## Task details
Word for word, reproduce every line of the data.

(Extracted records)
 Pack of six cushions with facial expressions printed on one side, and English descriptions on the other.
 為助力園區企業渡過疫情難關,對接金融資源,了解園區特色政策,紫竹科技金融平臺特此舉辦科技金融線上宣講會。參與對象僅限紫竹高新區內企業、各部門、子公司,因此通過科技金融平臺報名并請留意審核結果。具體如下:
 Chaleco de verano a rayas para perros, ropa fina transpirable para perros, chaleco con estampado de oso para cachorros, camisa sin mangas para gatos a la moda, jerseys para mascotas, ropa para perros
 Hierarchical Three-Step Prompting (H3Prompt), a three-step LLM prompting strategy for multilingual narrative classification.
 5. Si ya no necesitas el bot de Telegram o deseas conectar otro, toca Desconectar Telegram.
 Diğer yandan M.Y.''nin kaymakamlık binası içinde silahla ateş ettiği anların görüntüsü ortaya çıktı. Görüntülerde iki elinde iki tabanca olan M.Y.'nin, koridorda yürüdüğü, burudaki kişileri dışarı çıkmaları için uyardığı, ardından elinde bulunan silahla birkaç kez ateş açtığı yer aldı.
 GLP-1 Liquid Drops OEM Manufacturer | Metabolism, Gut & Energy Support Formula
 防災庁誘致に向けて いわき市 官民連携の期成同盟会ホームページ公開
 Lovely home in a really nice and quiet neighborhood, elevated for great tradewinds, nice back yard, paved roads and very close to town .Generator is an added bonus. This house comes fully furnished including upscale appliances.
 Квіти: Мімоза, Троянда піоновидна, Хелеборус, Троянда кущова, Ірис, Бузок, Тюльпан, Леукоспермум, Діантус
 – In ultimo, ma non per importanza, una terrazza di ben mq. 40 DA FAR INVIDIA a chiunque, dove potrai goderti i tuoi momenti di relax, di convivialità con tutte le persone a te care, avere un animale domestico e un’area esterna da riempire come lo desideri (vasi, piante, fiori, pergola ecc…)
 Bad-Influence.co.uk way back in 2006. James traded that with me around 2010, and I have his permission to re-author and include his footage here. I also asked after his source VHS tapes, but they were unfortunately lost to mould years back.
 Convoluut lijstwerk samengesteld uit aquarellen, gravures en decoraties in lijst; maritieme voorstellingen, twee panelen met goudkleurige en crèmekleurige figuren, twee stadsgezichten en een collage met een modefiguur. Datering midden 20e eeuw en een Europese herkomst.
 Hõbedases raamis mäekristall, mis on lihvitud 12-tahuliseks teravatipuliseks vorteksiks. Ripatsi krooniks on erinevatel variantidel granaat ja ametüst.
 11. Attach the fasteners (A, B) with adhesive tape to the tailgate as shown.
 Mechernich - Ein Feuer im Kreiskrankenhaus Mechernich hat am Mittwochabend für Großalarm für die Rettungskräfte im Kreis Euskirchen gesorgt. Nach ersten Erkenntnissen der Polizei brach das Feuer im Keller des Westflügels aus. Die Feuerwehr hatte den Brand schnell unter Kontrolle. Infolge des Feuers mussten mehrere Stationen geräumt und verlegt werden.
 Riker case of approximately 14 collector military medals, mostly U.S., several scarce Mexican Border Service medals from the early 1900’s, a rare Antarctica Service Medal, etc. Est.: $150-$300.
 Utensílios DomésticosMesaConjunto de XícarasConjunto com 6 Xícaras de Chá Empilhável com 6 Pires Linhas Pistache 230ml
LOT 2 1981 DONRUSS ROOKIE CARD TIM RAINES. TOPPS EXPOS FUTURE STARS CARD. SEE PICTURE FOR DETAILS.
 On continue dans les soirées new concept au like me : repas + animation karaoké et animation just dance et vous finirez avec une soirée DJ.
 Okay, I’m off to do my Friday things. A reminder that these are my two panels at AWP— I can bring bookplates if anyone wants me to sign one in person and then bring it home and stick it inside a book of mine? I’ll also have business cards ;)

## Task response
 Pack of six cushions with facial expressions printed on one side, and English descriptions on the other.
 為助力園區企業渡過疫情難關,對接金融資源,了解園區特色政策,紫竹科技金融平臺特此舉辦科技金融線上宣講會。參與對象僅限紫竹高新區內企業、各部門、子公司,因此通過科技金融平臺報名并請留意審核結果。具體如下:
 Chaleco de verano a rayas para perros, ropa fina transpirable para perros, chaleco con estampado de oso para cachorros, camisa sin mangas para gatos a la moda, jerseys para mascotas, ropa para perros
 Hierarchical Three-Step Prompting (H3Prompt), a three-step LLM prompting strategy for multilingual narrative classification.
 5. Si ya no necesitas el bot de Telegram o deseas conectar otro, toca Desconectar Telegram.
 Diğer yandan M.Y.''nin kaymakamlık binası içinde silahla ateş ettiği anların görüntüsü ortaya çıktı. Görüntülerde iki elinde iki tabanca olan M.Y.'nin, koridorda yürüdüğü, burudaki kişileri dışarı çıkmaları için uyardığı, ardından elinde bulunan silahla birkaç kez ateş açtığı yer aldı.
 GLP-1 Liquid Drops OEM Manufacturer | Metabolism, Gut & Energy Support Formula
 防災庁誘致に向けて いわき市 官民連携の期成同盟会ホームページ公開
 Lovely home in a really nice and quiet neighborhood, elevated for great tradewinds, nice back yard, paved roads and very close to town .Generator is an added bonus. This house comes fully furnished including upscale appliances.
 Квіти: Мімоза, Троянда піоновидна, Хелеборус, Троянда кущова, Ірис, Бузок, Тюльпан, Леукоспермум, Діантус
 – In ultimo, ma non per importanza, una terrazza di ben mq. 40 DA FAR INVIDIA a chiunque, dove potrai goderti i tuoi momenti di relax, di convivialità con tutte le persone a te care, avere un animale domestico e un’area esterna da riempire come lo desideri (vasi, piante, fiori, pergola ecc…)
 Bad-Influence.co.uk way back in 2006. James traded that with me around 2010, and I have his permission to re-author and include his footage here. I also asked after his source VHS tapes, but they were unfortunately lost to mould years back.
 Convoluut lijstwerk samengesteld uit aquarellen, gravures en decoraties in lijst; maritieme voorstellingen, twee panelen met goudkleurige en crèmekleurige figuren, twee stadsgezichten en een collage met een modefiguur. Datering midden 20e eeuw en een Europese herkomst.
 Hõbedases raamis mäekristall, mis on lihvitud 12-tahuliseks teravatipuliseks vorteksiks. Ripatsi krooniks on erinevatel variantidel granaat ja ametüst.
 11. Attach the fasteners (A, B) with adhesive tape to the tailgate as shown.
 Mechernich - Ein Feuer im Kreiskrankenhaus Mechernich hat am Mittwochabend für Großalarm für die Rettungskräfte im Kreis Euskirchen gesorgt. Nach ersten Erkenntnissen der Polizei brach das Feuer im Keller des Westflügels aus. Die Feuerwehr hatte den Brand schnell unter Kontrolle. Infolge des Feuers mussten mehrere Stationen geräumt und verlegt werden.
 Riker case of approximately 14 collector military medals, mostly U.S., several scarce Mexican Border Service medals from the early 1900’s, a rare Antarctica Service Medal, etc. Est.: $150-$300.
 Utensílios DomésticosMesaConjunto de XícarasConjunto com 6 Xícaras de Chá Empilhável com 6 Pires Linhas Pistache 230ml
LOT 2 1981 DONRUSS ROOKIE CARD TIM RAINES. TOPPS EXPOS FUTURE STARS CARD. SEE PICTURE FOR DETAILS.
 On continue dans les soirées new concept au like me : repas + animation karaoké et animation just dance et vous finirez avec une soirée DJ.
 Okay, I’m off to do my Friday things. A reminder that these are my two panels at AWP— I can bring bookplates if anyone wants me to sign one in person and then bring it home and stick it inside a book of mine? I’ll also have business cards ;)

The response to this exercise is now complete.